At least 30 states, nearly all led by Republican legislatures, have passed laws since 2020 that limit public health authority, according to a Washington Post analysis of laws collected by Kaiser Health News and the Associated Press as well as the Association of State and Territorial Health Officials and the Center for Public Health Law Research at Temple University.

Health officials and governors in more than half the country are now restricted from issuing mask mandates, school closures, and other protective measures or must seek permission from their state legislatures before renewing emergency orders, the analysis showed.

Read that last paragraph and try not to go cross-eyed. It is now March of 2023 (as of this writing). At this point, we know without a shadow of a doubt that mask mandates do absolutely nothing to stop the spread of COVID-19. We also know that school closures made zero sense and likely exacerbated the pandemic. At the very least they harmed students for no public health benefit in return. And still, the Post is gnashing its teeth over laws that would prevent singular individuals from forcing those provisions down on people.

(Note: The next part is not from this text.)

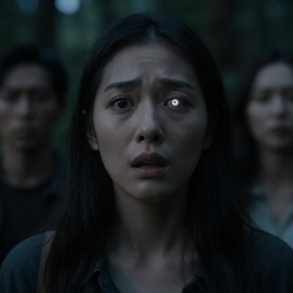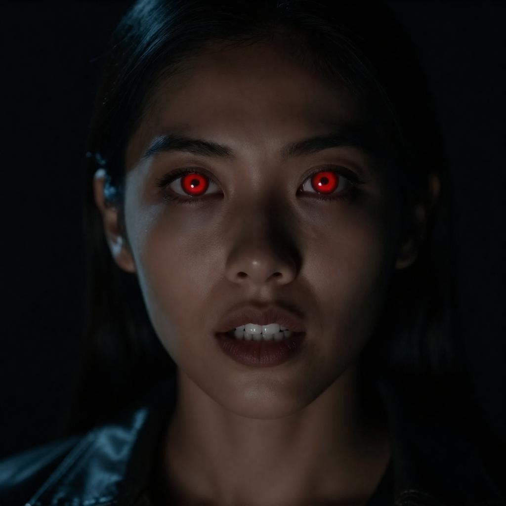 Close-up portrait of an Asian woman with dark skin and dark hair wearing a dark jacket. Her eyes glow red with an intense gaze, and her slightly open mouth reveals sharp teeth. The background is black, emphasizing the dramatic lighting and shadowed face.
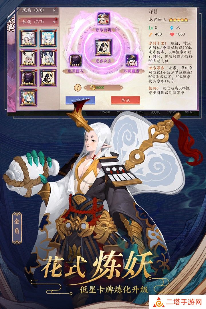 4. 阵容搭配:游戏中的妖怪卡牌有着不同的属性和技能,玩家需要根据战斗需求进行合理的阵容搭配。不同的阵容搭配会产生不同的战斗效果,增加了游戏的策略性。

Heck, they aren’t even happy with state legislatures operating as a check on state-level executive power. It’s absurd, but it’s not surprising. The left is authoritarian at heart, and they always tell you who they are. They can’t hide it. It bursts out of them like the heat from a thousand suns. At the core of leftwing ideology is tyranny. It is the idea that the government always knows best and should have the ability to exact what is “best” without question.

The safeguards the Post is choosing to whine about are absolutely necessary. There can be no crisis that justifies dictatorial power, especially when the authorities have shown themselves to be so partisan and dishonest in the past.